ACTIVITY:
Because the images are not wanted, restate every line below word for word without them.

INFORMATION SUPPLIED:
───
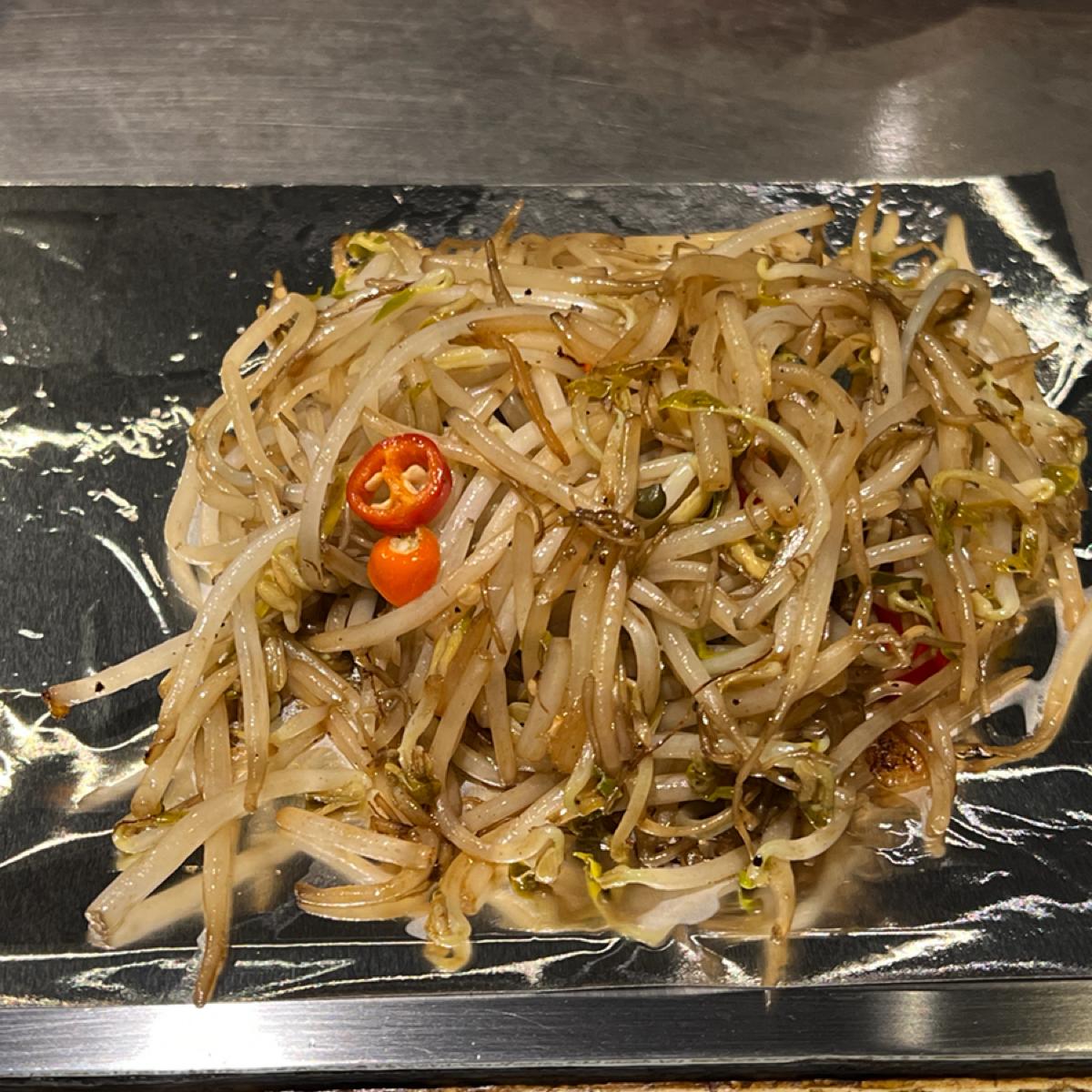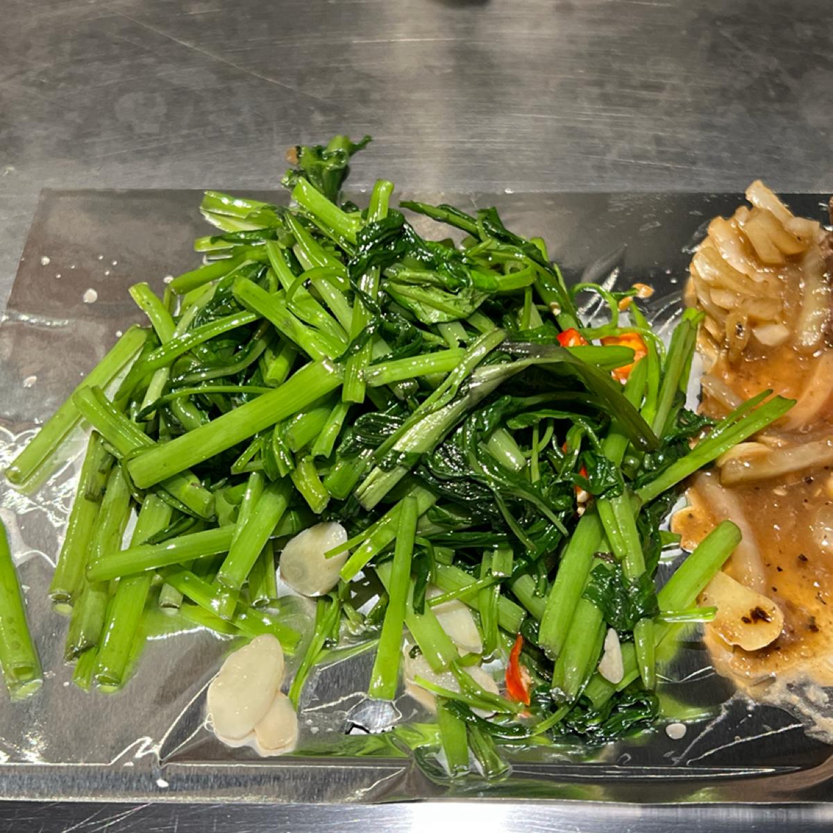 This time I ordered sirloin beef, and the sauce means black pepper sauce. The entire meal includes the main dish, bean sprouts and water spinach. Please see the picture below.
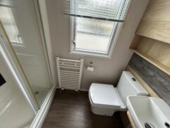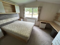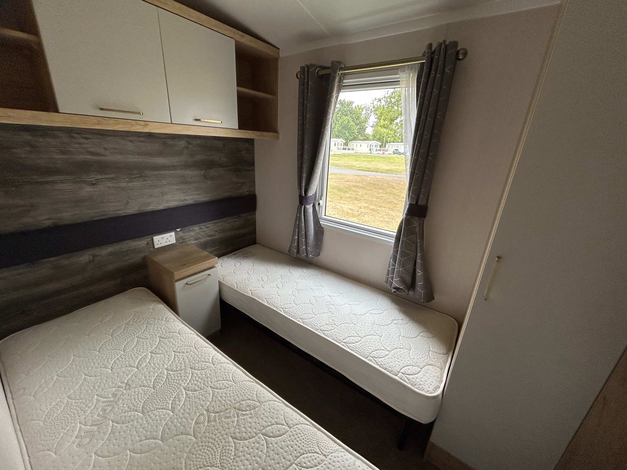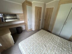 In the main bedroom, the double bed has comfortable mattress, a contemporary and stylish padded headboard and over-bed reading lights. The en-suite has a WC and wash basin adding a little privacy for the main bedroom users. For storage, the bed lifts up for under-bed storage plus there are bedside cabinets, over-bed storage plus a double wardrobe at the end of the bed. Also, there is a vanity area with mirror for getting ready for an evening out.
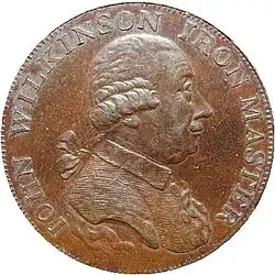 After working with his father in his foundry, from 1755 John Wilkinson became a partner in the Bersham concern and in 1757 with partners, he erected a blast furnace at Willey, near Broseley in Shropshire.[5] Later he built another furnace and works at New Willey. He made his home in Broseley in a house called 'The Lawns' which became his headquarters for many years. He had houses either side of 'The Lawns' which served for administration, one being named 'The Mint' used for distribution of the thousands of tokens, each valued equivalent to a halfpenny. In east Shropshire he also developed iron works at Snedshill, Hollinswood, Hadley and Hampton Loade. He and Edward Blakeway also leased land to build another works at Bradley in Bilston parish, near Wolverhampton.[6] He became known as the 'Father' of the extensive South Staffordshire iron industry with Bilston as the start of the Black Country. In 1761, he took over Bersham Ironworks as well. Bradley became his largest and most successful enterprise, and was the site of extensive experiments in getting raw coal to substitute for coke in the production of cast iron. At its peak, it included a number of blast furnaces, a brick works, potteries, glass works, and rolling mills. The Birmingham Canal was subsequently built near the Bradley works.
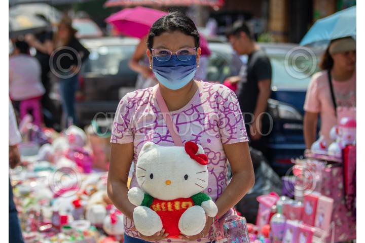 CIUDAD DE MÉXICO, 28AGOSTO2022.- Lía es una de las muchas mujeres con bazares en linea que se promocionaban principalmente por grupos en Facebook y que entregaban en el metro Chabacano, al llegar la pandemia y aplicarse las medidas sanitarias también según Lía se aprovecho para criminalizarlas y sacarlas del metro. Al intentar entregar afuera de este les mandaban policías para impedirlo, por lo que optaron por organizarse en colectiva y así hace un año comienza lo que hoy es el Tianguis de Hello Kitty en Chabacano, el cual actualmente cuenta con permiso de la alcaldía Cuauhtémoc y horario de 11 a 4 de la tarde todos los sábados. Así que cada sábado Lía se transporta desde Atizapan Edo. Mex. para vender sus productos de la gatita más famosa del mundo. A veces lleva a su hija pero otras puede dejarla con su marido. “Para mi ser bazareña ha sido una bendición porque las mujeres que conozco a través de esto tienen historias fuertes de resiliencia y fuerza, ellas también se han convertido en mi red de apoyo. Aparte siempre he amado a Hello Kitty, a veces entre nosotras mismas nos truekeamos o compramos cosas. Es un trabajo con matices, sí, pero en en su mayoría me ha dejado cosas buenas. También tener la oportunidad de resistir sin ser criminalízada ha sido algo positivo” comenta Lía. FOTO: ANDREA MURCIA /CUARTOSCURO.COM
───
COMPLETED EXERCISE:
 This time I ordered sirloin beef, and the sauce means black pepper sauce. The entire meal includes the main dish, bean sprouts and water spinach. Please see the picture below.
 In the main bedroom, the double bed has comfortable mattress, a contemporary and stylish padded headboard and over-bed reading lights. The en-suite has a WC and wash basin adding a little privacy for the main bedroom users. For storage, the bed lifts up for under-bed storage plus there are bedside cabinets, over-bed storage plus a double wardrobe at the end of the bed. Also, there is a vanity area with mirror for getting ready for an evening out.
 After working with his father in his foundry, from 1755 John Wilkinson became a partner in the Bersham concern and in 1757 with partners, he erected a blast furnace at Willey, near Broseley in Shropshire.[5] Later he built another furnace and works at New Willey. He made his home in Broseley in a house called 'The Lawns' which became his headquarters for many years. He had houses either side of 'The Lawns' which served for administration, one being named 'The Mint' used for distribution of the thousands of tokens, each valued equivalent to a halfpenny. In east Shropshire he also developed iron works at Snedshill, Hollinswood, Hadley and Hampton Loade. He and Edward Blakeway also leased land to build another works at Bradley in Bilston parish, near Wolverhampton.[6] He became known as the 'Father' of the extensive South Staffordshire iron industry with Bilston as the start of the Black Country. In 1761, he took over Bersham Ironworks as well. Bradley became his largest and most successful enterprise, and was the site of extensive experiments in getting raw coal to substitute for coke in the production of cast iron. At its peak, it included a number of blast furnaces, a brick works, potteries, glass works, and rolling mills. The Birmingham Canal was subsequently built near the Bradley works.
 CIUDAD DE MÉXICO, 28AGOSTO2022.- Lía es una de las muchas mujeres con bazares en linea que se promocionaban principalmente por grupos en Facebook y que entregaban en el metro Chabacano, al llegar la pandemia y aplicarse las medidas sanitarias también según Lía se aprovecho para criminalizarlas y sacarlas del metro. Al intentar entregar afuera de este les mandaban policías para impedirlo, por lo que optaron por organizarse en colectiva y así hace un año comienza lo que hoy es el Tianguis de Hello Kitty en Chabacano, el cual actualmente cuenta con permiso de la alcaldía Cuauhtémoc y horario de 11 a 4 de la tarde todos los sábados. Así que cada sábado Lía se transporta desde Atizapan Edo. Mex. para vender sus productos de la gatita más famosa del mundo. A veces lleva a su hija pero otras puede dejarla con su marido. “Para mi ser bazareña ha sido una bendición porque las mujeres que conozco a través de esto tienen historias fuertes de resiliencia y fuerza, ellas también se han convertido en mi red de apoyo. Aparte siempre he amado a Hello Kitty, a veces entre nosotras mismas nos truekeamos o compramos cosas. Es un trabajo con matices, sí, pero en en su mayoría me ha dejado cosas buenas. También tener la oportunidad de resistir sin ser criminalízada ha sido algo positivo” comenta Lía. FOTO: ANDREA MURCIA /CUARTOSCURO.COM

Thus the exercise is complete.